Exercise aim
Extract, exactly as written, each line from the start of the records below to the line containing "JILSANDER 24春夏极简主义平底圆头后空凉鞋单鞋", both ends included; drop the pictures.

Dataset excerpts
╔══

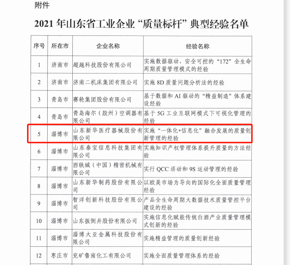喜報| 新華醫療榮獲山東省工業企業“質量標桿”
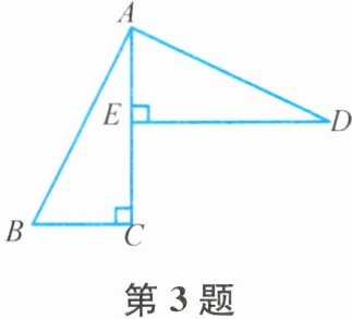 3. 如图,AC⊥BC于点C,DE⊥AC于点E,AD⊥AB于点A,若BC= AE= 4,DE= 7,则EC=
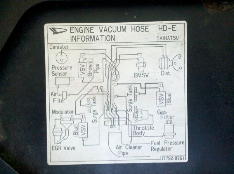 Хотя знаете ребята, чем больше я смотрю на эту табличку, тем меньше она мне нравится. Как-то там всё очень странно: и датчик давления включён через какой-то э/вакуумный клапан, и термовакуумник BVSV хрен пойми что делает, и доп.камера трамблёра внезапно завязана на э/вак. клапан управления EGR... очень всё это печально и мне лично пока непонятно.
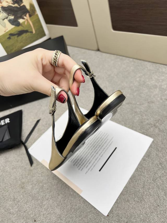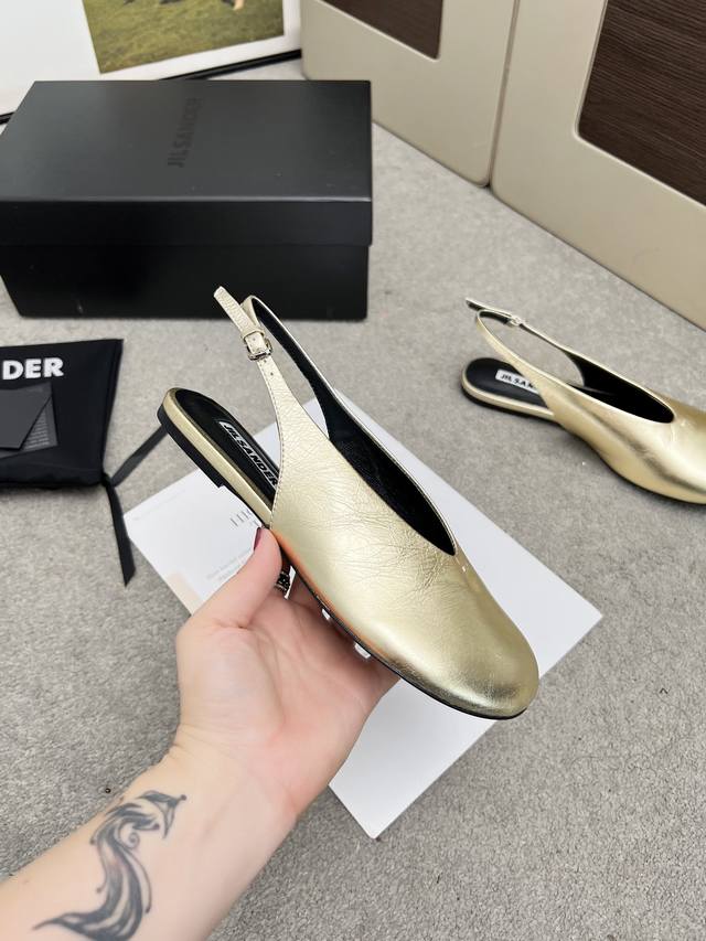 JILSANDER 24春夏极简主义平底圆头后空凉鞋单鞋
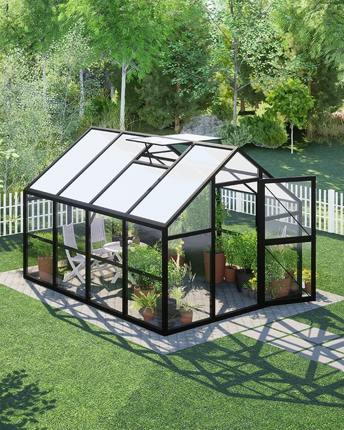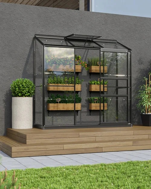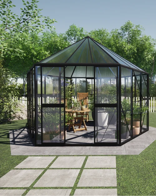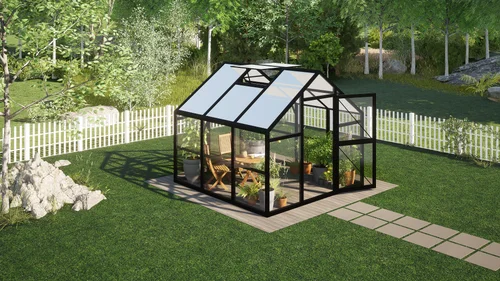 Et drivhus er ikke bare et sjarmerende syn; det er kjøkkenhagens hjerte. Her forlenger du vekstsesongen med mange måneder. Start plantingen tidlig om våren og fortsett til langt utpå høsten.Basilikum og andre urter kan du nærmest dyrke hele året. Start innendørs og flytt småplantene ut i drivhuset når temperaturen tillater det. Det lønner seg å vente til nattefrosten er over, eller du kan bruke tilleggsvarme den første tiden.
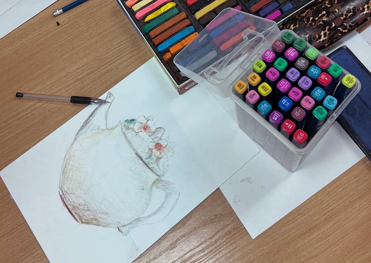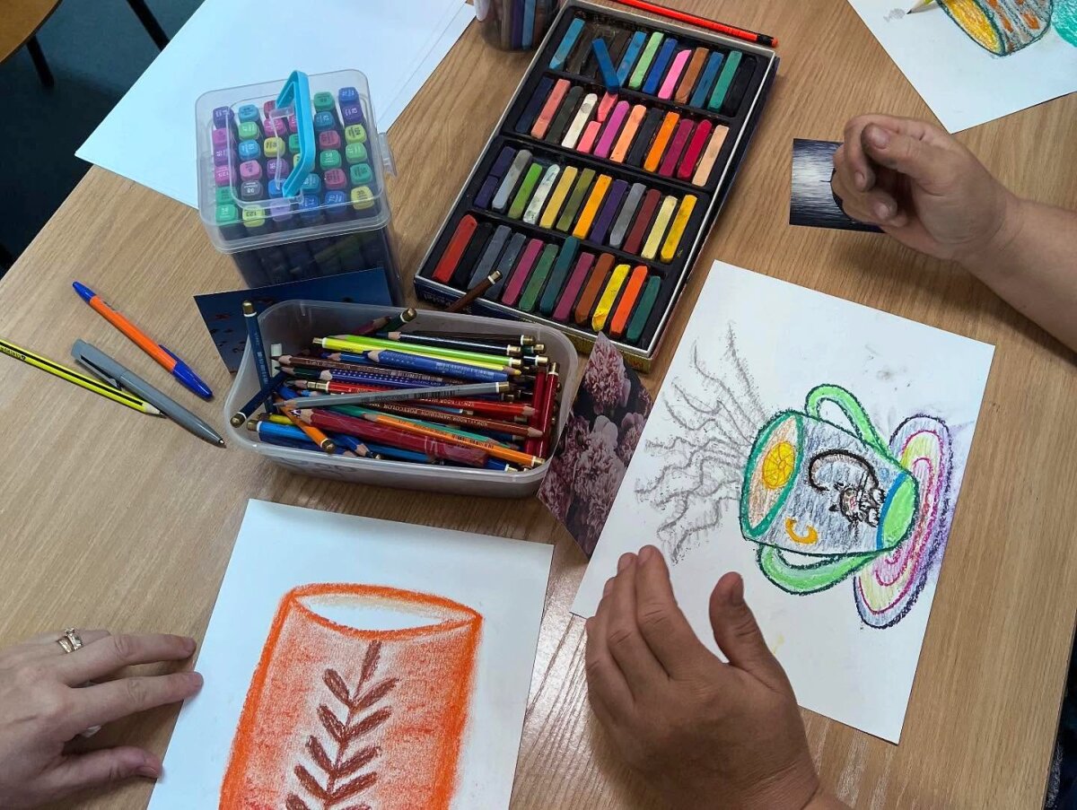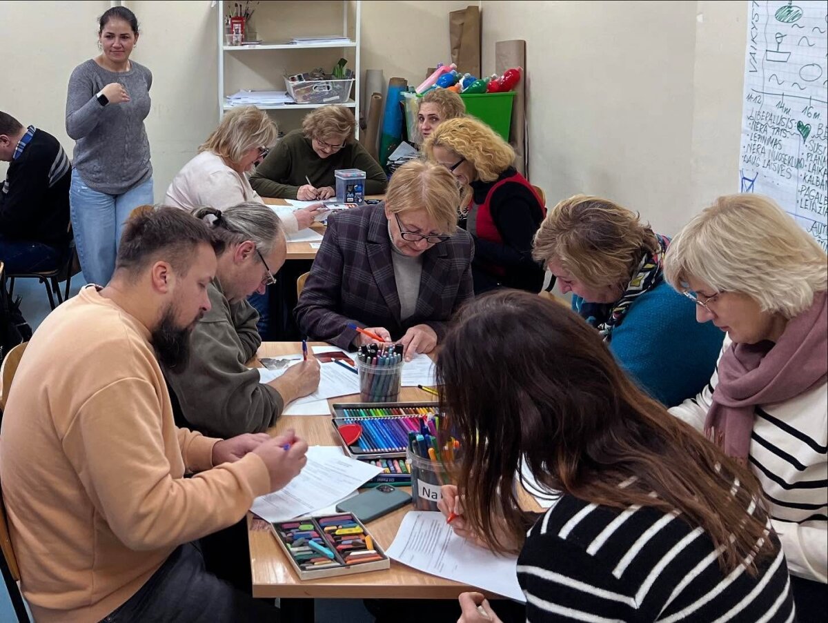 Socialinė darbuotoja Gitana pristatė kompleksinės pagalbos šeimai Panevėžio mieste paslaugas, dailės terapijos specialistė Vaida supažindino su gilumine dailės terapija ir pravedė dailės terapijos užsiėmimą.

╚══

Result for this task
喜報| 新華醫療榮獲山東省工業企業“質量標桿”
 3. 如图,AC⊥BC于点C,DE⊥AC于点E,AD⊥AB于点A,若BC= AE= 4,DE= 7,则EC=
 Хотя знаете ребята, чем больше я смотрю на эту табличку, тем меньше она мне нравится. Как-то там всё очень странно: и датчик давления включён через какой-то э/вакуумный клапан, и термовакуумник BVSV хрен пойми что делает, и доп.камера трамблёра внезапно завязана на э/вак. клапан управления EGR... очень всё это печально и мне лично пока непонятно.
 JILSANDER 24春夏极简主义平底圆头后空凉鞋单鞋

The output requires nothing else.